World of Wonder is an anthology of science fiction and fantasy stories edited by Fletcher Pratt, published in hardcover by Twayne in 1951. No subsequent editions were issued.

==Contents==
- "Foreword", Edith R. Mirrielees
- "The Nature of Imaginative Literature", Fletcher Pratt (essay)
- "He Walked Around the Horses", H. Beam Piper (Astounding 1948)
- "Roads of Destiny", O. Henry (Roads of Destiny 1909)
- "The Red Queen’s Race", Isaac Asimov (Astounding 1949)
- "Child’s Play", William Tenn (Astounding 1947)
- "The Finest Story in the World", Rudyard Kipling (Contemporary Review 1891)
- "Etaoin Shrdlu", Fredric Brown (Unknown 1942)
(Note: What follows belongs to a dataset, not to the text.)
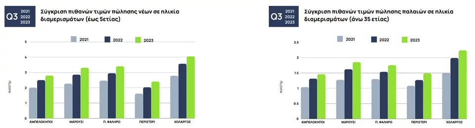 Στα νέα σε ηλικία διαμερίσματα, μέσης επιφανείας 95 τ.μ., διάμεσης ηλικίας μόλις 2 ετών και 1ου ορόφου, η έρευνα αγοράς οδήγησε στο συμπέρασμα ότι οι υψηλότερες αξίες καταγράφονται στον Χολαργό (4.048 ευρώ/τ.μ. από 3.565 ευρώ/τ.μ., με ετήσια άνοδο 13,55%) και εν συνεχεία κατά σειρά στην περιοχή του Παλαιού Φαλήρου (3.400 ευρώ/τ.μ. από 2.950 ευρώ/τ.μ., με ετήσια άνοδο 15,25%), στο Μαρούσι (3.304 ευρώ/τ.μ. από 2.856 ευρώ/τ.μ., με ετήσια άνοδο 15,69%), στους Αμπελόκηπους (2.795 ευρώ/τ.μ. από 2.500 ευρώ/τ.μ., με ετήσια άνοδο 11,80%) και, τέλος, στο Περιστέρι (2.401ευρώ/τ.μ. από 2.029 ευρώ/τ.μ., με ετήσια άνοδο 18,33%).

- "Mistake Inside", James Blish (Startling Stories 1948)
- "Private—Keep Out!", Philip MacDonald (F&SF 1949)
- "They", Robert A. Heinlein (Unknown 1941)
- Metamorphosis, Franz Kafka (1937)
- "Back There in the Grass", Gouverneur Morris (Collier's Weekly 1911)
- "The Mark of the Beast", Rudyard Kipling (The Pioneer 1890)
- "Museum Piece", Esther Carlson (Moon Over the Back Fence 1947)
- "The Blue Giraffe", L. Sprague de Camp (Astounding 1939)
- "That Only a Mother", Judith Merril (Astounding 1948)
- "Operation RSVP", H. Beam Piper (Amazing 1951)
- "Conquerors’ Isle", Nelson S. Bond (Blue Book 1946)
- "Giant Killer", A. Bertram Chandler (Astounding 1945)
- "The Million-Year Picnic", Ray Bradbury (Planet Stories 1946 )

==Reception==
New York Times reviewer Villiers Gerson, despite describing the contents as "excellent stories," faulted the anthology because the diversity of the stories "obscures the sharp line between fantasy and its more popular sibling, science fiction," and because many of the stories had previously been anthologized.